- _HOW TO COMPLETE THIS TASK_
Reproduce exactly the lines from the one containing "ход штока, мм (h)" through the end of the entries, including both. Drop the pictures.

------ RECORDS FOR THE TASK

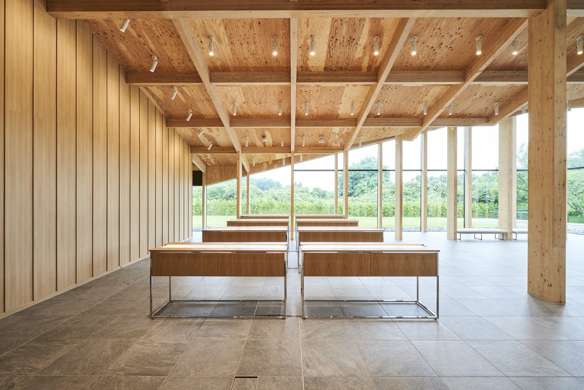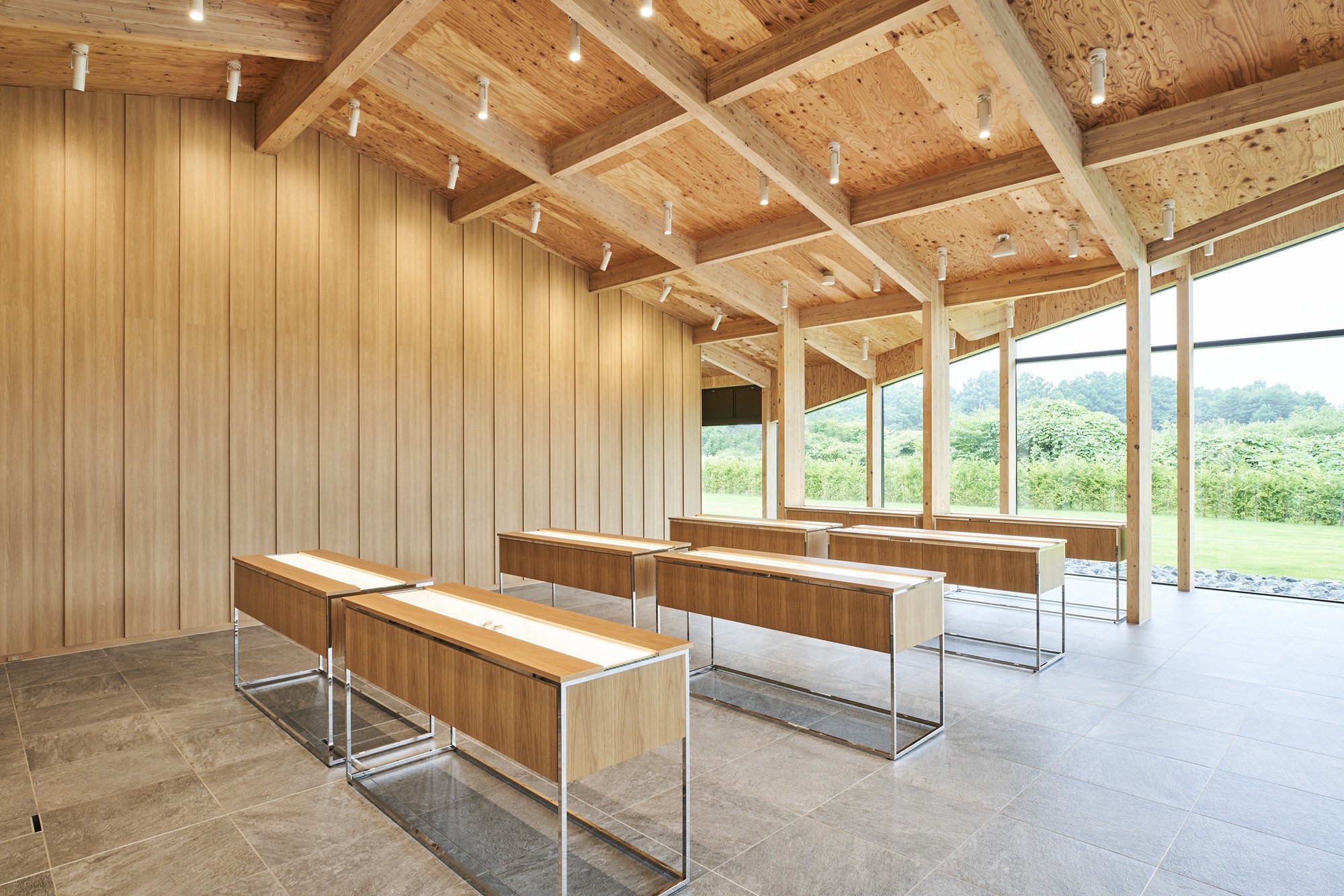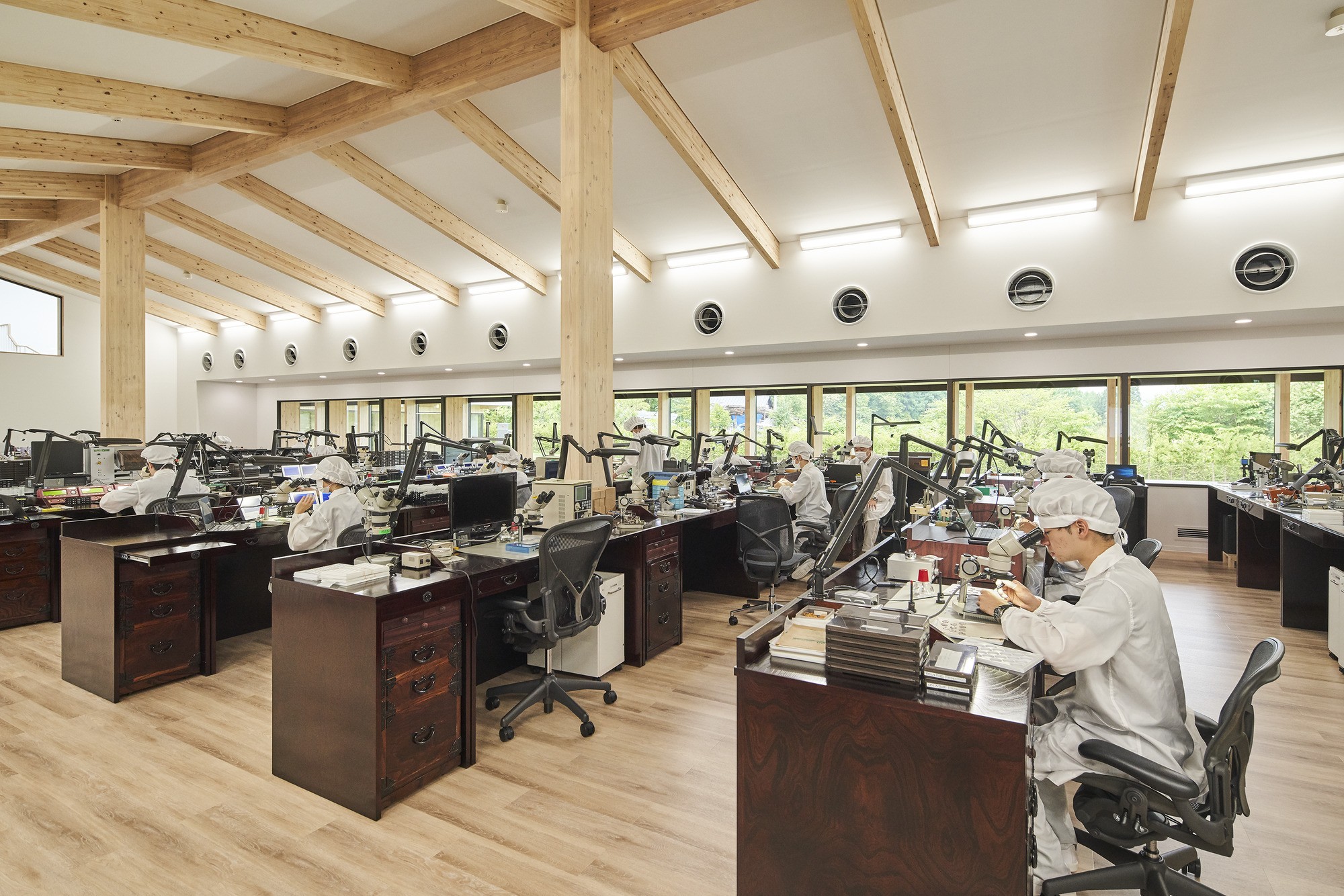 ブランドのフィロソフィーである「THE NATURE OF TIME」の具現化をめざし、木という自然の素材を使い、閉鎖的になりがちなクリーンルームから周辺の自然を感じられる計画とした。
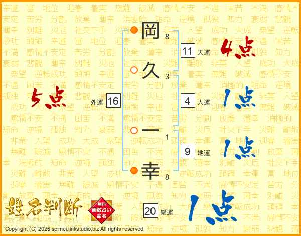 岡久一幸さんの天運は11画の4点!
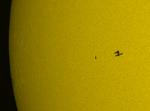 Passage de l'ISS devant le Soleil. A droite de l'ISS, la navette Atlantis, laquelle vient de se séparer de la station et s'apprête à rejoindre la Terre. Distance d'observation : 500 km. Vitesse : 7,4 km/sec. Taille de l'ISS : 73m. Distance entre l'ISS et Atlantis : 200m.
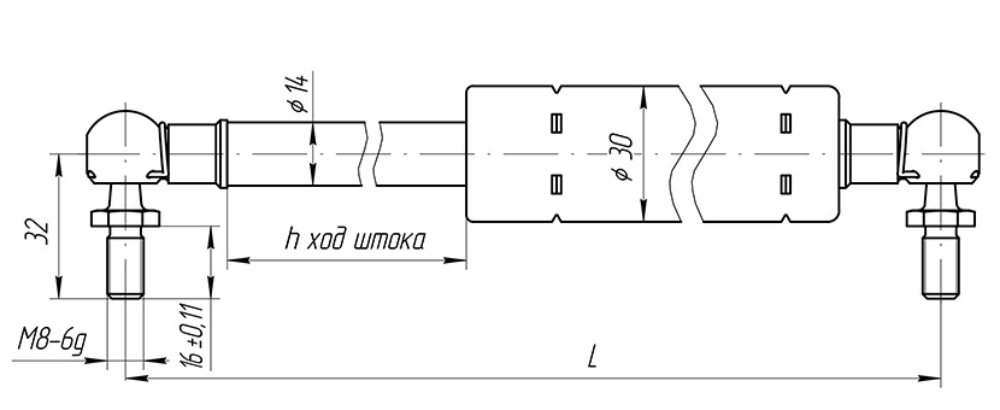 ход штока, мм (h) — 250,
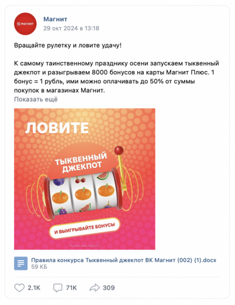 Больше всего комментариев —71 тыс. — собрал конкурс, в котором сработало сочетание простоты условий (нужно было просто написать слово “тыква”) и присутствия бота, который напоминал, что есть еще попытки.
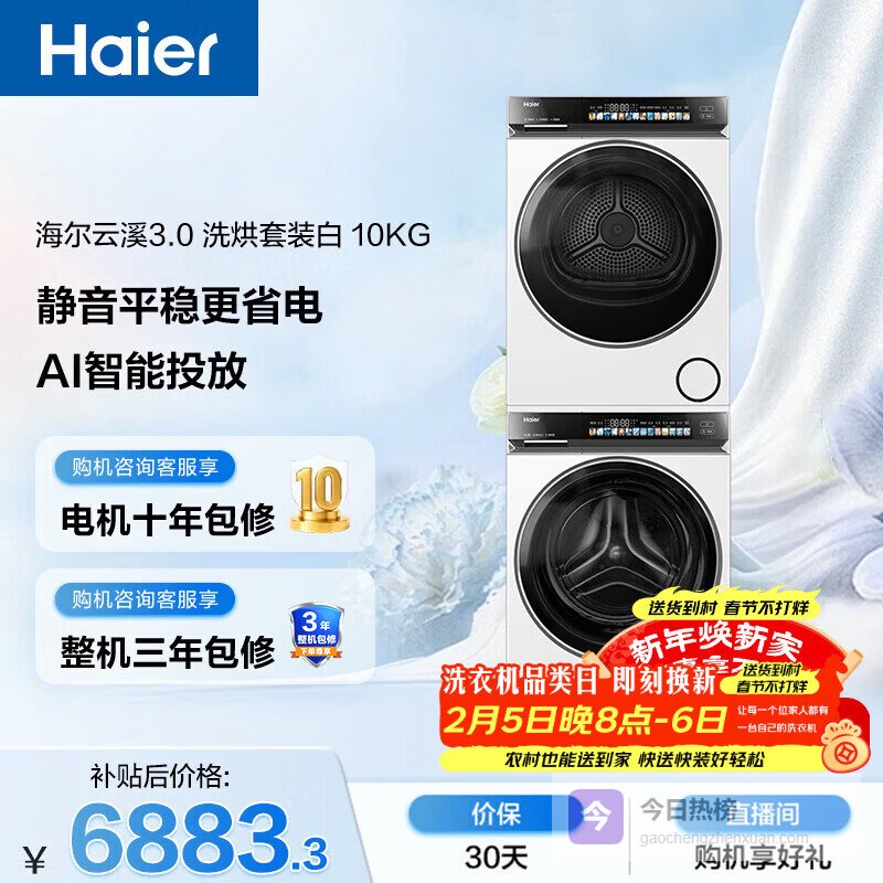 【京东自营】海尔云溪3.0滚筒洗烘套装10KG全自动洗衣机+热泵烘干机家用家电补贴京东自营583+5¥

------------

- _REPLY TO THE EXERCISE_
 ход штока, мм (h) — 250,
 Больше всего комментариев —71 тыс. — собрал конкурс, в котором сработало сочетание простоты условий (нужно было просто написать слово “тыква”) и присутствия бота, который напоминал, что есть еще попытки.
 【京东自营】海尔云溪3.0滚筒洗烘套装10KG全自动洗衣机+热泵烘干机家用家电补贴京东自营583+5¥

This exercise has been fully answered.